Write out all the entries word for word, but skip any images.

▶ **Stored items from a collection**

---

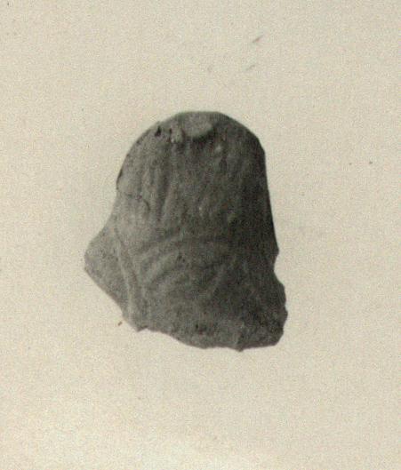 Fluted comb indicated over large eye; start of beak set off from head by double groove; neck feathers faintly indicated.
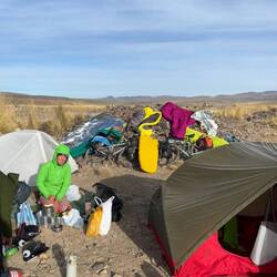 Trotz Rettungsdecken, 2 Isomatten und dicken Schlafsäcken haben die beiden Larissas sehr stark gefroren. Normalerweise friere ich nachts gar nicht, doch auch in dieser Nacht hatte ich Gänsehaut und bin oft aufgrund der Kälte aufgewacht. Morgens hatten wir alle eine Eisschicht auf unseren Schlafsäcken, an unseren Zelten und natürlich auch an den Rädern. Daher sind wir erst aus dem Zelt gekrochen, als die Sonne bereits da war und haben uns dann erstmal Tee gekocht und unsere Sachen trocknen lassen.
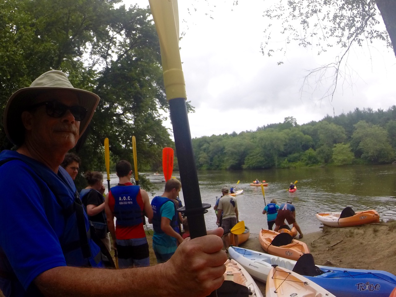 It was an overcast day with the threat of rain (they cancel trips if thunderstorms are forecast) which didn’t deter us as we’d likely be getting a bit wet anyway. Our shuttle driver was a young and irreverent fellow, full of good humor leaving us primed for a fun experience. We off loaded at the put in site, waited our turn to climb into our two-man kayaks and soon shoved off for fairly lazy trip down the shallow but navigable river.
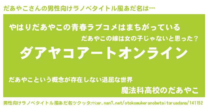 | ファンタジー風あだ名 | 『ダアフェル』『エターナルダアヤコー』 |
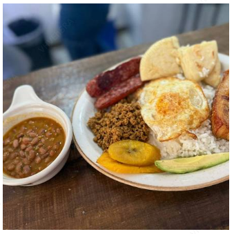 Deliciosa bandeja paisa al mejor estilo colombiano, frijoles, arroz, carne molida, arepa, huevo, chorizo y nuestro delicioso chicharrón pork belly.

---

▶ **EXERCISE ANSWER**
 Fluted comb indicated over large eye; start of beak set off from head by double groove; neck feathers faintly indicated.
 Trotz Rettungsdecken, 2 Isomatten und dicken Schlafsäcken haben die beiden Larissas sehr stark gefroren. Normalerweise friere ich nachts gar nicht, doch auch in dieser Nacht hatte ich Gänsehaut und bin oft aufgrund der Kälte aufgewacht. Morgens hatten wir alle eine Eisschicht auf unseren Schlafsäcken, an unseren Zelten und natürlich auch an den Rädern. Daher sind wir erst aus dem Zelt gekrochen, als die Sonne bereits da war und haben uns dann erstmal Tee gekocht und unsere Sachen trocknen lassen.
 It was an overcast day with the threat of rain (they cancel trips if thunderstorms are forecast) which didn’t deter us as we’d likely be getting a bit wet anyway. Our shuttle driver was a young and irreverent fellow, full of good humor leaving us primed for a fun experience. We off loaded at the put in site, waited our turn to climb into our two-man kayaks and soon shoved off for fairly lazy trip down the shallow but navigable river.
 | ファンタジー風あだ名 | 『ダアフェル』『エターナルダアヤコー』 |
 Deliciosa bandeja paisa al mejor estilo colombiano, frijoles, arroz, carne molida, arepa, huevo, chorizo y nuestro delicioso chicharrón pork belly.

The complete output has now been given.